No one likes cruddy TV ads. But how much of a problem are they, really?

Enough for Comcast-owned FreeWheel to unveil The Viewer Experience Lab at Cannes in partnership with research company MediaScience.

The lab will test consumer responses to different ad experiences, including ad formats and ad loads. Paramount, Warner Bros. Discovery, NBCUniversal and AMC are among the participants.

The first research topic is a good starting point for what’s wrong. According to initial findings, one quarter of streaming TV ad breaks are four minutes or longer (yikes). And despite the hype around FAST channels, 25% of streaming ad spots go unfilled, Adweek reports.

If there’s anything TV viewers don’t like, it’s too many ads and “We’ll be back” slates.

“Whether you argue average consumers like advertising or not, what they don’t like is a weird experience,” says FreeWheel GM Mark McKee.

Deathbed Conversions

Apple’s latest privacy policy changes – namely, Privacy Manifests and Network Relays introduced at WWDC this month – take aim squarely at ad platforms with Conversion APIs.

Conversion APIs are server-side integrations that allow for attributing campaigns based on sales and business results as those results enter a marketer’s CRM or data system. Notably, Meta pinned its ambitions to its Conversion API (which Snapchat and TikTok followed) since Apple can’t directly block that data sharing.

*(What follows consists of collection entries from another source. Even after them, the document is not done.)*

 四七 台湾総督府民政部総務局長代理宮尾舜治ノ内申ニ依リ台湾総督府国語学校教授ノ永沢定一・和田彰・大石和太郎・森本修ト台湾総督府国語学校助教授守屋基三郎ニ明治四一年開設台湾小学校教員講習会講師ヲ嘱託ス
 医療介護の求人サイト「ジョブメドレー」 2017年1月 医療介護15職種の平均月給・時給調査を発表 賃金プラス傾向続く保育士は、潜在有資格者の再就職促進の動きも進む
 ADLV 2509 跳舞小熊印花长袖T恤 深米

The strategy worked, but the server-to-server shield may not last forever, according to Eric Seufert at Mobile Dev Memo, since Apple’s Privacy Manifests rules forbid that data use. Current iOS rules forbid it, too, but Apple doesn’t actively enforce the standards.

Privacy Manifests shifts the balance so developers commit to those policies with users, which means legal repercussions for self-enforcement failures. It’s no longer a pinky promise with Apple.

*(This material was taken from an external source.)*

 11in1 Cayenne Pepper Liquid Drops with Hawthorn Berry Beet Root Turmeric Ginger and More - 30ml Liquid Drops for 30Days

“It’s fairly obvious that Apple wants advertisers to manage advertising attribution through Apple’s own measurement frameworks: SKAdNetwork on iOS and Private Click Measurement (PCM) in Safari,” writes Seufert.

The 2023 Downfronts?

Media buyers have dollar signs in their eyes at this year’s TV upfronts as ad rates (finally) take a nosedive, AdAge reports.

Broadcast ad prices have plowed ahead through years of slowly diminishing budgets, patchwork viewership, subscription losses and shaky streaming growth (not to mention the writers’ strike). But the inevitable downward pressure on TV prices could still be a shocker this year. One media buyer says linear commercials have fallen as much as 30% compared to single-digit percent declines for digital, with some clients backing away from primetime completely due to low ratings.

Linear TV has its bright spots, though. Live events and sports primarily remain solid tentpoles for viewers and advertisers.

As for streaming, one buyer predicts double-digit price decreases, a major comedown after the heyday of recent years. And a possible exception? YouTube, which boasts lower CPMs than Max or Disney+.

But Wait, There’s More!

The FTC sues Amazon, alleging manipulative Prime subscription renewal and cancellation practices. [NYT]

Warner Bros. Discovery negotiates a licensing deal for old HBO series to go to Netflix. [Deadline]

The internet has been described as a “town square.” But instead we should think of it in terms of citywide sanitation systems. [The Atlantic]

Magnite announces early partners for ClearLine. [release]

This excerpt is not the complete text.